FINDING THE ONE :D :D :D *hearts*

I don’t actually know how. LOL… I’m not an expert in relationship thinggssss

But I am a bit older than most of my friends, I’m married, and I have a bit of experience these arenas and I can tell you a few things about what I see today.

People believe a lot of stuff about love, romance and marriage that is just not true.

I’ve written about this before but sometimes it just needs to be repeated.

#1
If you want to find a spouse, you need to stop putting so much emphasis on “THE ONE” …

Your spouse isn’t Neo… or Jet Li. He/she is nobody, really. Or anybody.

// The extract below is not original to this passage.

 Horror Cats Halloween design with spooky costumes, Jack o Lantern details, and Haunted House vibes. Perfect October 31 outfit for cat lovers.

For years now, the church has made the mistake of letting people put a LOT of emphasis on the idea of “the one” when it comes to a spouse. The idea that there’s some mystical person that God has set aside specifically FOR you… ooooohhhhh… There’s actually very little truth to this. In the bible, this happened very rarely and when it did happen, it was because major events in the world were about to unfold (like… the birth of Christ) and even in the situation of Christ, God simply CONFIRMED that they should be together. The bible doesn’t really indicate that He said, “Hey, see that girl over there? Marry Mary! Buah! Marry Mary…hehehe.” – First Joseph asked and then an angel appeared to them both.

The idea that there is a “one” is more an idea of “destiny” / “fate” which is far more mystical than Christian.

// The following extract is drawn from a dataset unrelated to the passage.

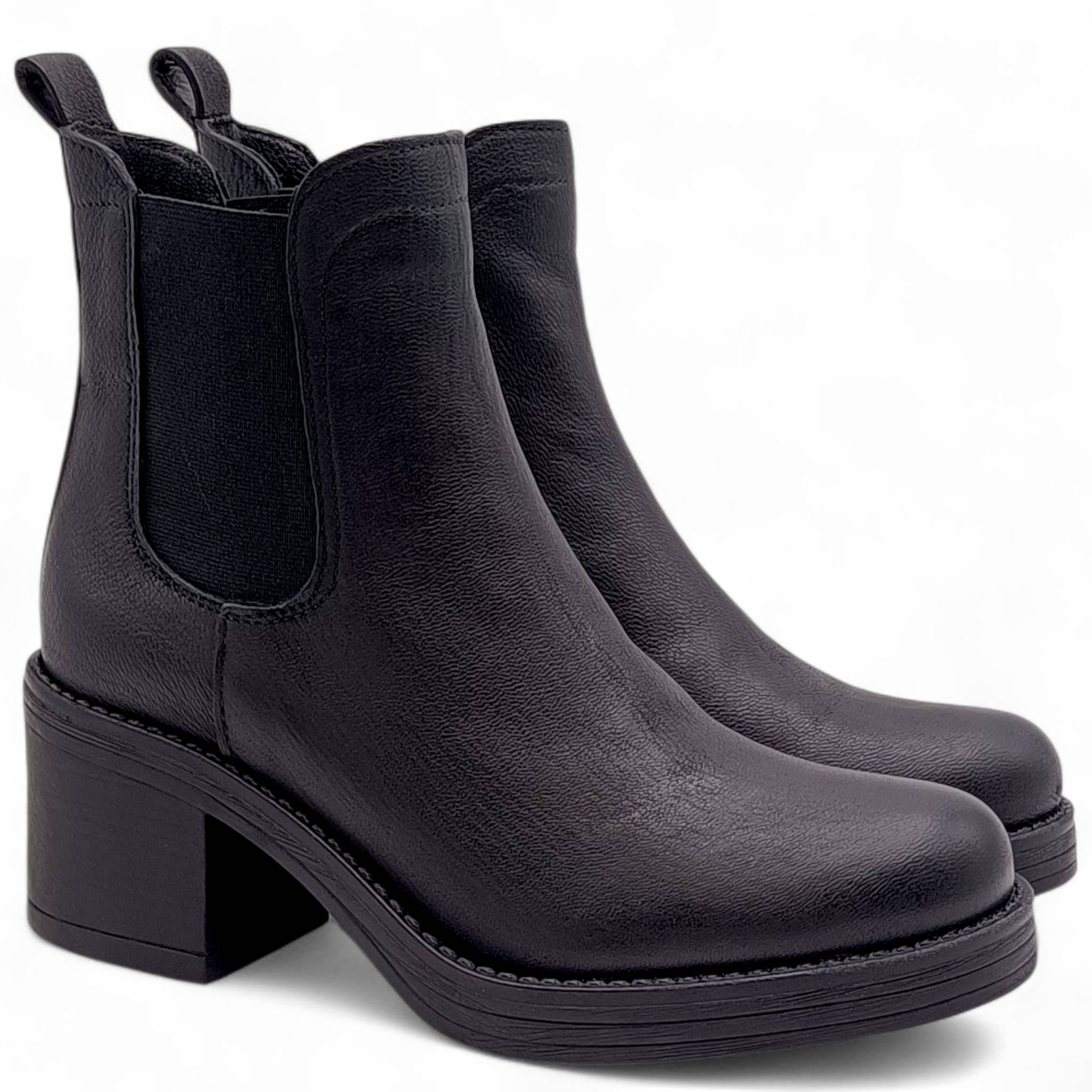 Stivaletti donna in pelle nera con tacco Lux 6560

Now I’m not saying that you can’t feel that God is leading you to wait, or something, but I can tell you that a lot of people who have just decided to “wait” are usually the ones who are “scared” and end up waiting most of their living lives.

The one
(Pay attention… he wasn’t “THEE one”)

#2
Don’t for one moment believe that it’s not YOUR job to get prepared/ ready for a spouse before they show up.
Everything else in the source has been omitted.